== Work request ==
Quote exactly the lines from the start of the entries to the one with "Preço médio do", both ends included.

----- Records for processing

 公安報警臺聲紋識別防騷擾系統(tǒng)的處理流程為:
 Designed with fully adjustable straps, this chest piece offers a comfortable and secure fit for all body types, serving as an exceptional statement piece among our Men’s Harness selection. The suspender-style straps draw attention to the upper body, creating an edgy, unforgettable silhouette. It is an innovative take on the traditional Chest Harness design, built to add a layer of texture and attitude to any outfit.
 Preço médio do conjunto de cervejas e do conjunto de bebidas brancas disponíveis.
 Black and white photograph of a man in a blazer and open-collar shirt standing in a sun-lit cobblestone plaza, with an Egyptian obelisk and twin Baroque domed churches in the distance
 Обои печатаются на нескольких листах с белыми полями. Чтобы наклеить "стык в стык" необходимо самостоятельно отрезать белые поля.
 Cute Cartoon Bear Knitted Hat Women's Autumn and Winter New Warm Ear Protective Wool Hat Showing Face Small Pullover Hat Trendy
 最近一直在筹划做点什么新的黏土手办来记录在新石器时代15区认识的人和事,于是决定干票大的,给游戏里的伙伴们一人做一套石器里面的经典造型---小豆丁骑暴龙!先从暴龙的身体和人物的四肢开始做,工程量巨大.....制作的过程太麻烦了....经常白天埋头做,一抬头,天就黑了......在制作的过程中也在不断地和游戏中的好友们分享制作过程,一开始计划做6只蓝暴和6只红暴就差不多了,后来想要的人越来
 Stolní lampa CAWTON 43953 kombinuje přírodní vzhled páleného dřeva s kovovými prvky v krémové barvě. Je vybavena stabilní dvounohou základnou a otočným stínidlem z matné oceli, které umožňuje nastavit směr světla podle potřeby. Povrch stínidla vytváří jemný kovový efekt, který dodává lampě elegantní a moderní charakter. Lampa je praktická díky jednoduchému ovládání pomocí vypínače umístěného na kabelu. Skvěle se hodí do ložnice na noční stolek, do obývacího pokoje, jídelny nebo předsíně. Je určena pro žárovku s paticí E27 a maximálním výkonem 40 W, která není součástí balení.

----------

== Completed exercise ==
 公安報警臺聲紋識別防騷擾系統(tǒng)的處理流程為:
 Designed with fully adjustable straps, this chest piece offers a comfortable and secure fit for all body types, serving as an exceptional statement piece among our Men’s Harness selection. The suspender-style straps draw attention to the upper body, creating an edgy, unforgettable silhouette. It is an innovative take on the traditional Chest Harness design, built to add a layer of texture and attitude to any outfit.
 Preço médio do conjunto de cervejas e do conjunto de bebidas brancas disponíveis.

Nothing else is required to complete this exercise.